Pancreases from 47 Japanese type 2 diabetic patients and 30 nondiabetic control subjects were studied (Table 1). The subjects were limited to fresh autopsy cases conducted within 5 h of death. Cases with diabetes had a history of hyperglycemia that fulfilled the criteria of diabetes proposed by the Japan Diabetes Society (14). Diagnosis of type 2 diabetes in a diabetic group was further confirmed by the clinical record of the patients. Cases were excluded if 1) potential secondary causes of type 1 or type 2 diabetes were present, 2) patients had been exposed to chronic glucocorticoid treatment, or 3) pancreatic tissue had undergone autolysis or showed evidence of pancreatitis. Cases with a history of gastrointestinal surgery (gastrectomy) or under pregnancy or long-term treatment with antischizophrenic drugs were also excluded from the evaluation.

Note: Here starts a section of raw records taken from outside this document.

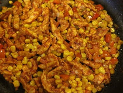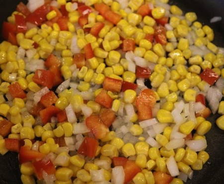 - Bak groenten in plantaardige olie. Voeg ingeblikte maïs toe aan hen.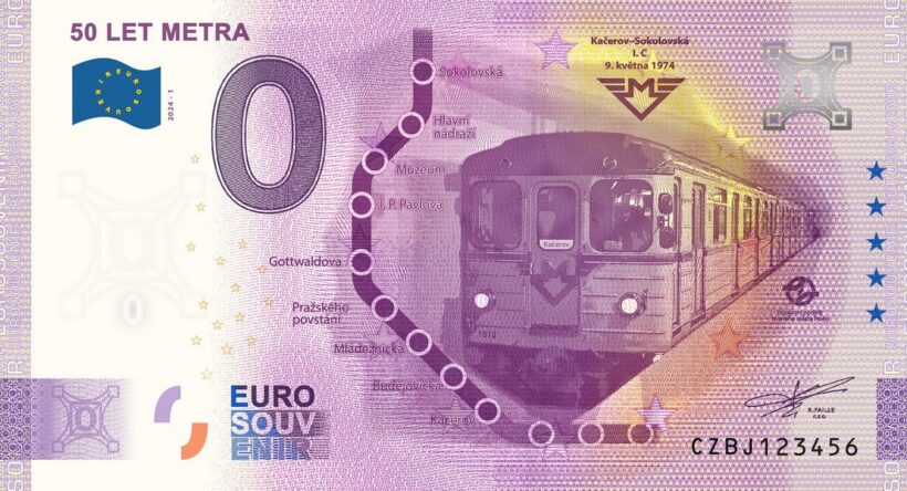Pražské metro letos slaví padesát let od spuštění první linky a kulaté výročí připomíná 0 euro suvenýrová bankovka, na které je vedle historické soupravy vyobrazen první úsek trasy „C“ včetně původních názvů stanic. „Počítáme, že o novou bankovku bude stejně velký zájem jako o 0 euro suvenýry věnované Karlu Gottovi, Jiřině Bohdalové nebo skupině Olympic,“ řekl ředitel veletrhu Jindřich Jirásek. Vášniví sběratelé čekají na nízká čísla bankovek, jež jdou do prodeje jako první, už několik hodin před otevřením veletrhu, někteří pak na místě často i nocují.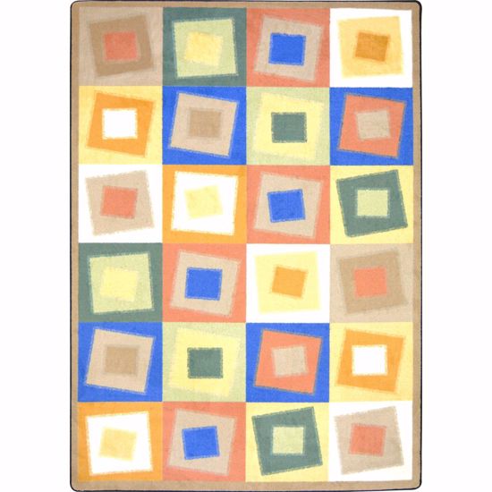 This unique carpet with slightly off-balance squares will work equally well as an accent rug under a coffee table or a cool place for kids to "kick back." Color options define the mood for fun or sophistication.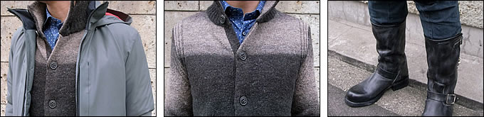 続いてインナーに選んだのは NSF (アメリカ)のニットカーディガンなのですが、ここで大野さんのヘルメットに注目していただきたいのです。車体のブラウンに合わせたグラデーションがなんともオールド感を醸し出していると思いませんか? そこで、このニットの登場となりました! こちらもブラウンをベースにグラデーションしており、統一感を狙いました。そして、よりファション性を高めるために、U-NI-TY (イタリア)のドット柄のシャツをニットのインナーとしてチョイスしました。防寒性という点でバイカーとしてはなんとも心もとないかもしれませんが、AETHER のダウンがかなりの高機能ですので、実現されたコーディネイトになります。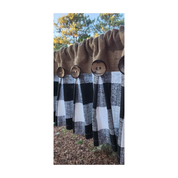 Burlap Buffalo Plaid Pleated Valance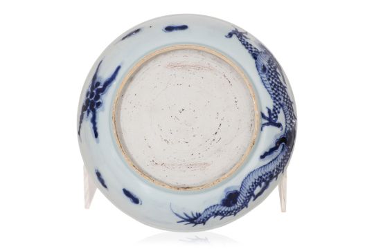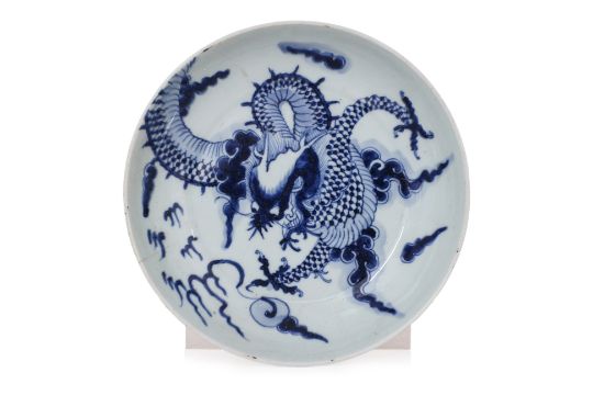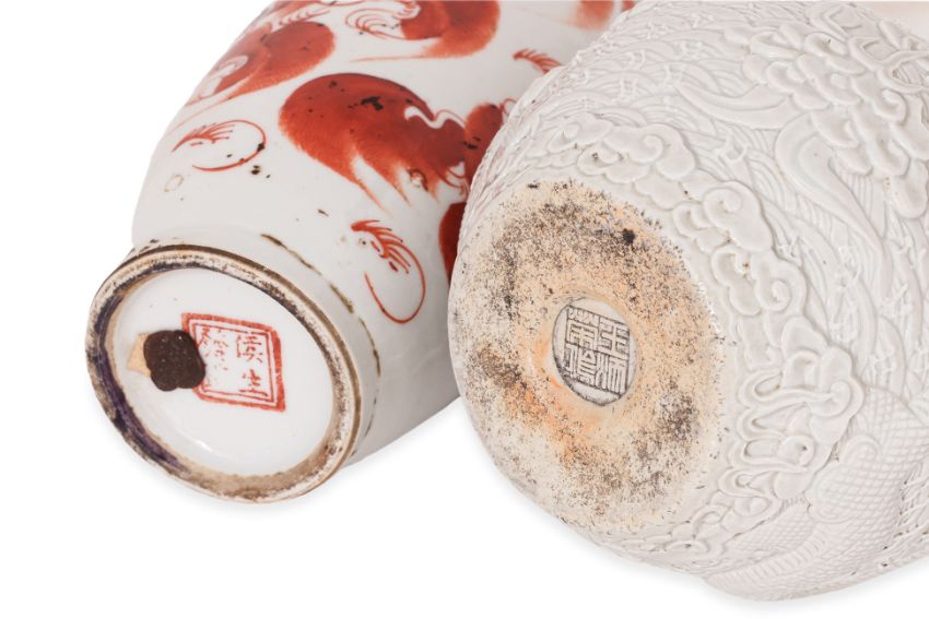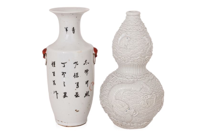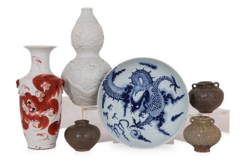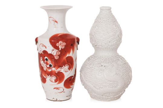 Comprising: an iron red decorated foo dog vase, with twin handles and inscribed with calligraphy, mid-20th Century; a blue and white dragon dish, 19th Century; a relief moulded blanc de chine double gourd dragon vase, moulded Wang Binrong seal mark to base, 20th Century; and three Ming celadon jarlets

Nondiabetic control subjects fulfilled the criteria of “normal type” without previous and family history of diabetes. The pancreas weight was measured after fine dissection of the organ from duodenum or other surrounding tissues. Clinical records were examined in each case as to the last evaluation of body weight, height for BMI, and HbA_1c. Duration of diabetes was defined as the time from diagnosis of diabetes. The data of insulin secretory capacity like serum C-peptide and the results of GAD antibody were also sought. Diabetes treatment and major accompanying disorders as well as other specific agents if any for the treatment were also carefully checked.

Formalin-fixed pancreases were each dissected into two portions of the head, body, and tail for embedding in paraffin. From our previous studies, we found that the body portions represented the islet morphometry because the head contained pancreatic polypeptide–rich islets and the tail was often confounded by marked fat infiltration. The use of paraffin blocks and study design was approved by the ethics committee of the Hirosaki University School of Medicine, and the study conforms to the provision of the Declaration of Helsinki.

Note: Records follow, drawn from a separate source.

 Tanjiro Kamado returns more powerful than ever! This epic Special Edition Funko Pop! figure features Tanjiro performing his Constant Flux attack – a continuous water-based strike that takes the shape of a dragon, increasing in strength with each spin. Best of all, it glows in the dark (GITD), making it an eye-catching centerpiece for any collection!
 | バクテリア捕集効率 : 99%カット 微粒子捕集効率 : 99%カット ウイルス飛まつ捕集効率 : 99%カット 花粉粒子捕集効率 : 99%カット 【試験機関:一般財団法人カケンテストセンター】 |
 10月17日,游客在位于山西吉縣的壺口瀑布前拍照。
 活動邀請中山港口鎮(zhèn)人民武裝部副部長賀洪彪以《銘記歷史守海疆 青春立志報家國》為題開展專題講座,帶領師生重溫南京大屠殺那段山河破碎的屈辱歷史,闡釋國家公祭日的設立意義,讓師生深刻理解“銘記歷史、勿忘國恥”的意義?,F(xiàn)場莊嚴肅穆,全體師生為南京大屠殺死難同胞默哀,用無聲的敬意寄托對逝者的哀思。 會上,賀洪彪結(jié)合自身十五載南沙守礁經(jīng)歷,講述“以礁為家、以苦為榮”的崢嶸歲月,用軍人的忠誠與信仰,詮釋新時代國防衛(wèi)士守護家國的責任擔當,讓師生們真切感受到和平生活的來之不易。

Immunohistochemical staining of islet markers were processed on the paraffin blocks of the body of the pancreas, from which several consecutive cross 4-μm-thick sections were obtained. The sections were immunostained by streptavidin-biotin-peroxidase system (Nichirei Co., Tokyo, Japan) first incubated overnight at 4 °C with antibody to chromogranin-A (DakoCytomation, Glostrup, Denmark) for the identification of the islet: anti-insulin antibody (Santa Cruz Biotechnology, Santa Cruz, CA) for β-cell and antiglucagon (Dako) for α-cell. The sections were lightly counterstained with hematoxylin to count the number of nuclei of endocrine cells.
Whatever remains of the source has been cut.